Evaluating Factor-Wise Auxiliary Dynamics Supervision for Latent Structure and Robustness in Simulated Humanoid Locomotion

arXiv cs.RO / 3/24/2026

💬 OpinionSignals & Early TrendsIdeas & Deep AnalysisModels & Research

Key Points

  • The paper evaluates DynaMITE, a transformer-based latent dynamics model trained with factor-wise auxiliary losses during PPO for simulated Unitree G1 humanoid locomotion, and finds that the supervised latent does not yield decodable or functionally separable factor structure.
  • Disentanglement and probing results for DynaMITE are near zero (e.g., probe R² ≈ 0; MIG/DCI/SAP near zero), while an unsupervised LSTM hidden state achieves higher factor-probe R² (up to 0.10).
  • A factorial ablation indicates that the auxiliary losses provide no measurable gains in either in-distribution reward or severe out-of-distribution reward, whereas a tanh bottleneck yields a small consistent improvement.
  • Robustness under severe combined perturbations is improved for DynaMITE relative to baselines, but the study attributes this to representation compression from the bottleneck rather than the auxiliary supervision.
  • Across four Isaac Lab humanoid locomotion tasks, LSTM attains the best nominal reward, and the authors conclude auxiliary dynamics supervision is not a reliable route to interpretability or meaningful robustness beyond bottleneck effects.

Abstract

We evaluate whether factor-wise auxiliary dynamics supervision produces useful latent structure or improved robustness in simulated humanoid locomotion. DynaMITE -- a transformer encoder with a factored 24-d latent trained by per-factor auxiliary losses during proximal policy optimization (PPO) -- is compared against Long Short-Term Memory (LSTM), plain Transformer, and Multilayer Perceptron (MLP) baselines on a Unitree G1 humanoid across four Isaac Lab tasks.
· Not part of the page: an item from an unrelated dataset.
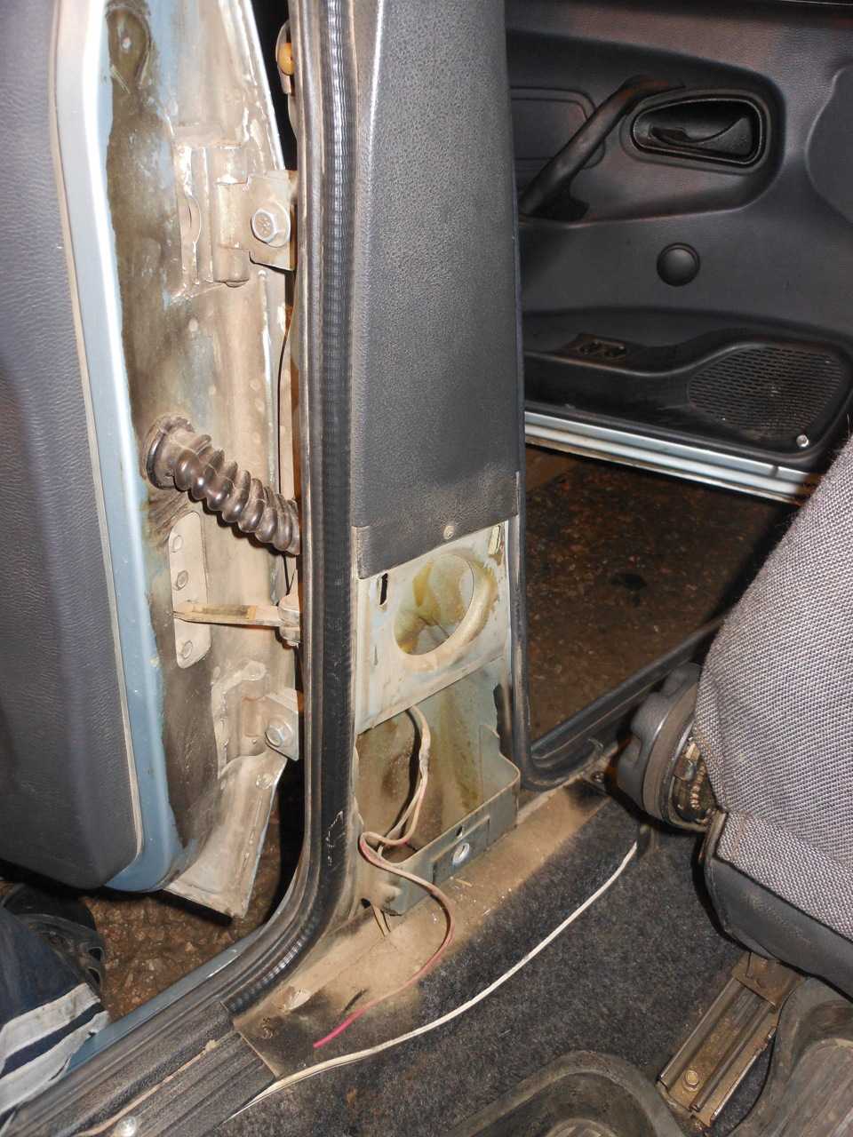 Вытащить катушку, отключить от нее разъем электрического магнита. При этом петлю на стойке трогать не нужно, поскольку все работы проводятся внутри салона.
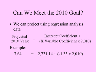 eliminating all racial/ethnic disparities by 2010. If you have 5 data points on a graph, you can get a ruler and try to draw a straight line that fits them all. Regression Analysis uses math to create do this. It creates the best straight line which fits the data. Regression Analysis is often used for creating models, which then can be used to predict the future. Our simplified analysis is not a very good model. The events which effected health in the past 5 years may not continue into the future. However, you can use Regression Analysis to make a prediction, as long as you don’t take it too seriously without further study. The regression analysis can be used to create the mathematical formula on the slide. The Intercept Coefficient and X Variable Coefficient are copied directly from the Regression Analysis results. 2010 represents a year, such as 2010, and the numerical value of that year, 2,010. In our example, 7.64 people per 100,000 are expected to die from colorectal cancer. 7.64 = 2,721.14 + (-1.35 x 2,010) 7.64 = 2,721.14 - 2,713.50 Predictions based on a linear projection of data may not be valid, but the should give something to think about. They re a starting point, not an end point. |

The supervised latent shows no evidence of decodable or functionally separable factor structure: probe R^2 ~ 0 for all five dynamics factors, clamping any subspace changes reward by < 0.05, and standard disentanglement metrics (MIG, DCI, SAP) are near zero. An unsupervised LSTM hidden state achieves higher probe R^2 (up to 0.10). A 2x2 factorial ablation (n = 10 seeds) isolates the contributions of the tanh bottleneck and auxiliary losses: the auxiliary losses show no measurable effect on either in-distribution (ID) reward (+0.03, p = 0.732) or severe out-of-distribution (OOD) reward (+0.03, p = 0.669), while the bottleneck shows a small, consistent advantage in both regimes (ID: +0.16, p = 0.207; OOD: +0.10, p = 0.208). The bottleneck advantage persists under severe combined perturbation but does not amplify, indicating a training-time representation benefit rather than a robustness mechanism. LSTM achieves the best nominal reward on all four tasks (p < 0.03); DynaMITE degrades less under combined-shift stress (2.3% vs. 16.7%), but this difference is attributable to the bottleneck compression, not the auxiliary supervision. For locomotion practitioners: auxiliary dynamics supervision does not produce an interpretable estimator and does not measurably improve reward or robustness beyond what the bottleneck alone provides; recurrent baselines remain the stronger choice for nominal performance.